TECH SUPPLIER Sep 2021 - IDC Survey Spotlight - Doc # US48221421

Future of Operations Worldwide Survey, 2021: Technology Priorities for Operations Are Evolving

By: Leif EriksenResearch Vice President, Future of Operations

Abstract

This IDC Survey Spotlight focusses on the current top technology investment priorities in operations (IDC describes operations as including any activity or a physical process which is integral to executing an organization's core business including producing goods or services, moving goods or services, and maintaining assets, infrastructure, or facilities). It is a snapshot from the Future of Operations Worldwide Survey, 2021.

In the previous IDC's Future of Operations Survey Spotlight, we highlighted the accelerated movement of operational data to the cloud. This IDC Survey Spotlight reinforces that trend as survey respondents gave cloud top billing in their list of investment priorities for the next five years. This bolsters our prediction that the amount of operational data in the cloud should double again next year.

Wireless connectivity is also a top investment priority over the next five years. This is a reflection of the need to connect more data sources and collect more data. The need for more, and better, data is an overriding theme in the survey results and will be highlighted in later analysis. Respondents were not asked to specify to the wireless protocols they favor, but this is often simply a function of cost and capabilities.

Rounding out the top 3 investment priorities is artificial intelligence (AI) or machine learning (ML). This is the most interesting selection because elsewhere in the survey we found that AI projects had delivered mixed results to date.

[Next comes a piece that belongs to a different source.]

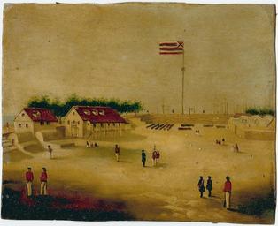 | Keywords: 'The Hawaiian Flag on Honolulu Fort' by Paul Emmert, 1853.jpg The Hawaiian Flag on Honolulu Fort by Paul Emmert 1853 oil on paper board 8 x 10 inches Frazier Fine Art 1853 Creator Paul Emmert <gallery>File 'View of the Honolulu Fort - Interior' oil on canvas painting by Paul Emmert c 1853 Hawaii Historical Society jpg</gallery> Paul Emmert History of Hawaii Flags in art Honolulu Fort Flags of Hawaii Oil on paper PD-old-100 | ||||
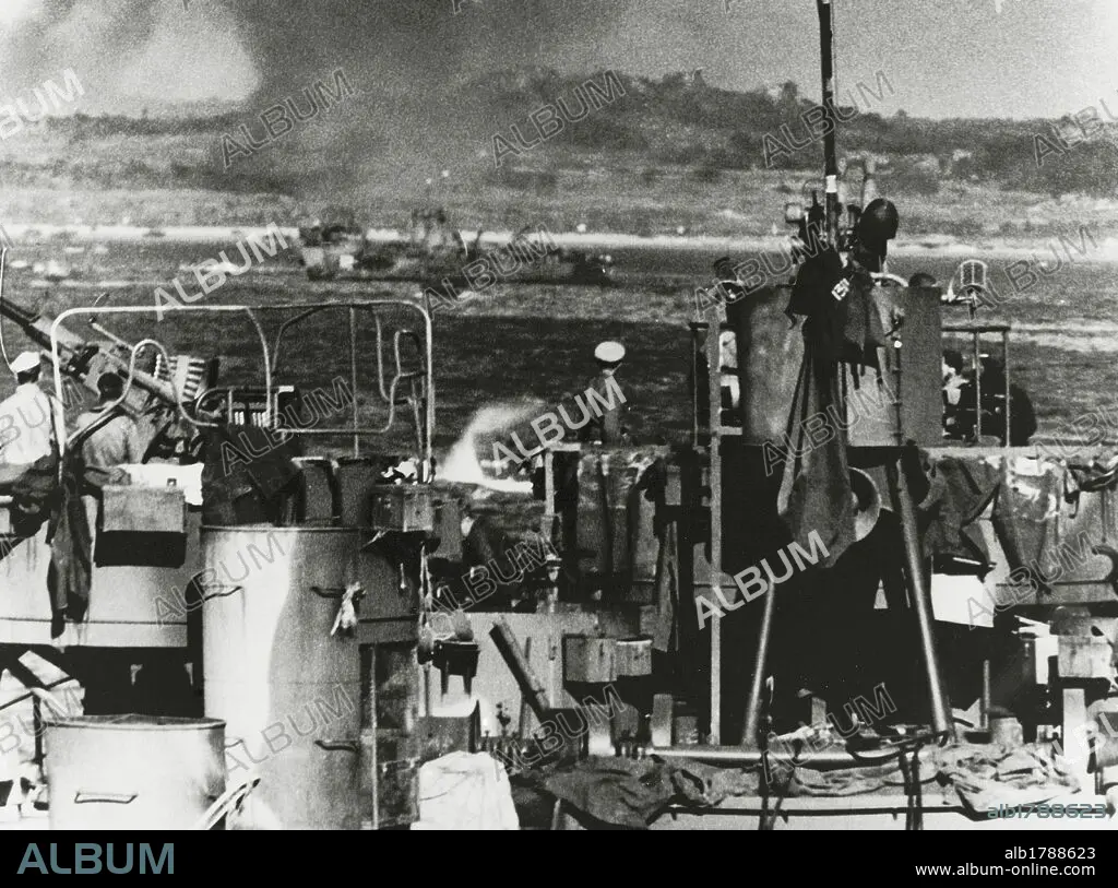 Descripción: SEGUNDA GUERRA MUNDIAL (1939-1945). GUERRA DEL PACIFICO (1941-1945). "UNOS OBSERVADORES SIGUEN EL BOMBARDEO EFECTUADO POR LAS UNIDADES DE MARINA EN LAS DEFENSAS JAPONESAS DURANTE EL DESEMBARCO AMERICANO EN LA ISLA DE OKINAWA" (31 de marzo de 1945), en el marco del enfrentamiento entre las fuerzas americanas y niponas durante la fase del conflicto en Extremo Oriente.

No doubt there is an element of pressure to find uses for AI/ML in operations if only because of the successes experienced with AI/ML in other segments of the economy. This oversimplifies the dynamic however as we also found that there is a correlation between success with AI/ML and other organizational metrics. More on this in future analysis.

Other hyped technologies such as AR/VR and 3D printing fell to the bottom of the list of investment priorities. In the case of the former, it's a function of its relative immaturity and, to a certain extent, the lack of compelling use cases in operations. In the case of the latter, it's a function of the niche aspect of the technology and the business case in operations.